Until I have some evidence that the Bill will create new jobs, I can see no justification for a proposal that will damage the natural environment. We all have a responsibility to try to balance protecting the environment with the need to develop jobs and industries. I have always thought that we have a duty to try to leave the environment in as good a state as we inherited it from previous generations.

Mr. Rhodes James

The proposals involve 500,000 new trees being planted and 85,000 acres of additional woodland. Is that bad environmental practice? Moreover, the doubling of a dockland surely involves jobs.

Mr. Bennett

I thought that the hon. Gentleman had listened, like me, to last night's debate. It was forcefully pointed out then that the different types of environment are important. It is worth protecting these mudflats, because they attract certain types of birds. Trees may be attractive in certain places, but they will not provide a suitable environment for those birds. On occasion, I have severe reservations about the number of trees that are planted. Some of the Forestry Commission's areas do not enhance our natural environment at all. If there is to he a new development, let us screen it and make it as attractive as possible, but that does not mean that we would be improving the environment. We would merely be trying to screen the damage from others.

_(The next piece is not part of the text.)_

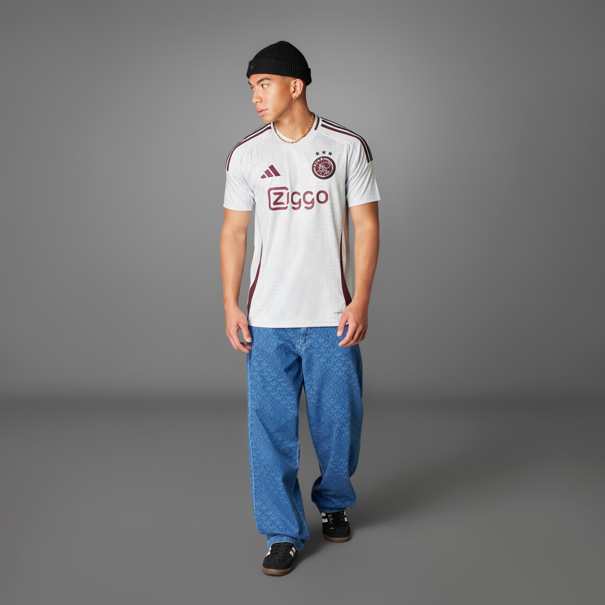 Ajax. Amsterdam. Większość kibiców piłkarskich nie wyobraża sobie jednego bez drugiego. Koszulka adidas z trzeciego zestawu oddaje hołd temu połączeniu przy pomocy designu inspirowanego sławnym symbolem miasta „XXX” i jego architekturą w stylu art deco. Naszywka klubu w kolorze burgundu wyróżnia się na stonowanej kolorystycznie grafice, podkreślając Twoje oddanie dla klubu. Odprowadzający wilgoć AEROREADY zapewnia suchy komfort podczas każdej akcji, strzałach i świętowaniu. Ten produkt został w 100% wykonany z materiałów pochodzących z recyklingu. Ponowne wykorzystanie materiałów wtórnych pomaga nam ograniczyć ilość generowanych odpadów i uniezależnić od kurczących się zasobów surowców. W ten sposób zmniejszamy także ślad węglowy naszych produktów.

As I have said, genuine new jobs would he one thing. However, I understand that the promoters claim only that they are trying to take jobs away from Rotterdam or from other European ports, so we are not creating new jobs but merely moving unemployment around—

Mr. Rhodes James

Employment around.

Mr. Bennett

One can say that we are moving unemployment around, or the reverse of that, which is that we are moving employment around. The promoters argue that the development will take jobs away from Europe and give jobs to Felixstowe. But we rightly argue that it will take jobs away from Tilbury and elsewhere. No one has said that jobs will be created. There is a tendency for products to be smaller in size, so the number and size of items is falling. Consequently, as I have said, there is no evidence that the Bill will create new jobs.

Mr. Weetch

Does my hon. Friend realise that the port of Ipswich will be an early casualty of that dock extension? Before the Bill began its passage, I had detailed discussions with the trade unions and management at the port of Ipswich, and they are very worried about the employment consequences for Ipswich. The Bill would bring excess dock capacity to East Anglia, which would mean that dog would eat dog, and the port of Ipswich could become a ghost port in 15 or 20 years.

Mr. Bennett

rose

Mr. Deputy-Speaker

Order. I have allowed the hon. Gentleman to go reasonably wide of the new clause; I am sure that he is now rapidly coming to the subject of the new clause, and the amendments associated with it.

7.45 pm
Mr. Bennett

I was trying to talk about the new clause and the amendments, but in passing I wanted to point out that I would have been sympathetic to the Bill if it had created new jobs. My hon. Friend the Member for Ipswich (Mr. Weetch) has just pointed out that it is likely to take jobs away from Ipswich. That brings me to the new clause, because we now come to the environmental argument. If new jobs were going to be created, it might be worth sacrificing some of the environment. But that is not so, so there can be no excuse for sacrificing wetland areas and mudflats.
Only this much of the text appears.